— Я не могу найти этот твой листок! — истерит Лиза.
— Неважно. Открой шторы.
— Что?
— Пожалуйста, открой шторы.
— Я… я не хочу…
— Сделай это! Сделай!
Визг раздвигаемых дверных створок на пятом этаже пробирал меня до костей. Наверное, их просто не смазывали, иначе с чего бы им так скрипеть. Смешно… сегодня словно бы весь мир сговорился против меня. Всё вокруг давило на нервы, напоминая, что я в этом лифте — всего лишь загнанная жертва.
Ничего у вас не выйдет! Скрипите, визжите, блюйте, дрочите — я встречу вас с кулаками. Если надо — вырву кусок стекла из разбитого зеркала и буду колоть им вас, пока не сдохну.
Вот только бы знать, с кем мне предстоит встретиться.
Среди треска телефонной трубки я услышал звук отдёргиваемой занавески.
А затем крик Лизы.
— Что там, что? — проревел я. — Что ты видишь?
— Оно висит в небе… большое такое… облако… и белые нити из слизи, они прилеплены к домам… а люди на улицах… они… они…
— Что с людьми?
— Их пожирает что-то… как будто рвота… люди облеплены рвотой, и она их поедает… и… заставляет двигаться… я не знаю как сказать… они…
Я опустил телефон. До меня ещё доносились обрывки её слов: «окно», «течёт» и «мама», но мои пальцы разжались, и мобильник, упав на пол, замолчал.
Я взглянул себе под ноги. В белоснежной слизи не было ни одной капли крови, хотя она ручьем текла из моих пальцев. Слизь впитывала капли и оставалась девственно чистой.
Вдруг металлический визг оборвался. Пару секунд я ничего не слышал, как будто все звуки в этом мире пропали.
Словно прошло то время, когда я мог слышать, и ему на смену пришло другое, когда я должен видеть.
Внезапно на крышу лифта шлёпнулась гигантская масса. Кабина задёргалась на тросе, словно повешенный человек, пытающийся вылезти из петли. Я упал на пол, в белую рвоту, и стал барахтаться в ней, пытаясь подняться на ноги.
Сверху, с крыши, доносились удары. Потолок лифта стал прогибаться, дерево потолка хрустело ломающимися досками и топорщилось внутрь.
Что-то сверху хрюкало и хлюпало, предвкушая мою смерть.

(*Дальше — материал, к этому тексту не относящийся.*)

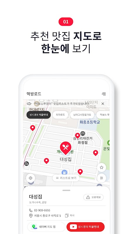 먹방 로드 - 유튜버 맛집 지도 1.15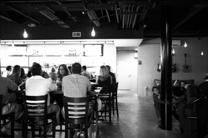 In a bustling bar setting, individuals are engaged in quiet conversations, captured in monochrome to evoke a sense of nostalgia. The warm glow of hanging light bulbs contrasts with the dark furnishings, creating an inviting yet intimate atmosphere. A lone child peeks around a pillar, adding a touch of innocence and curiosity to the scene, while the structured lines of the architecture frame the human interactions beautifully.

Я продолжал бороться со скользким полом, но внезапно понял, что белая плёнка крепко держит меня. Я попытался поднять ногу — приложил все усилия для того, чтобы согнуть её в колене, и, наконец, у меня это получилось.
Вот только на полу остались куски моей кожи и ткань разорванных штанов. Я увидел, что моя нога превратилась в кусок пульсирующего кровоточащего мяса.
Белая слизь, пузырясь и вспениваясь, начала обвивать лентой упущенный из её объятий кусок тела.
Сверху раздался ещё один удар, кажется, самый мощный.
А затем щелчок.
«4».
«3».
«2».
«1».
* * *
Казалось бы — вот и всё, конец истории, но я не умер.
Я не умер!
До меня не сразу это дошло. Вокруг — темнота, я ничего не чувствую, всё вроде как в преддверии ада у христиан, однако боль в ноге говорила о том, что пора унять воображение и, успокоившись, трезво оценить ситуацию.
Вот так порой бывает: падаешь в лифте, а сам…
Постойте-ка, лифт должен же был разбиться вдребезги, тогда почему я жив?
Я начал тщательно ощупывать своё тело — вроде целое. Ободранная нога, конечно, ужасно ныла от каждого движения, но эта боль несколько притупилась от недавно пережитого потрясения.
Главное — не шевелиться.
Я достал из кармана видеокамеру. Удивительно, но она осталась цела. Непостижимо — каким образом? Хотя, с другой стороны — чему удивляться? По идее лифт должен был размазать и меня.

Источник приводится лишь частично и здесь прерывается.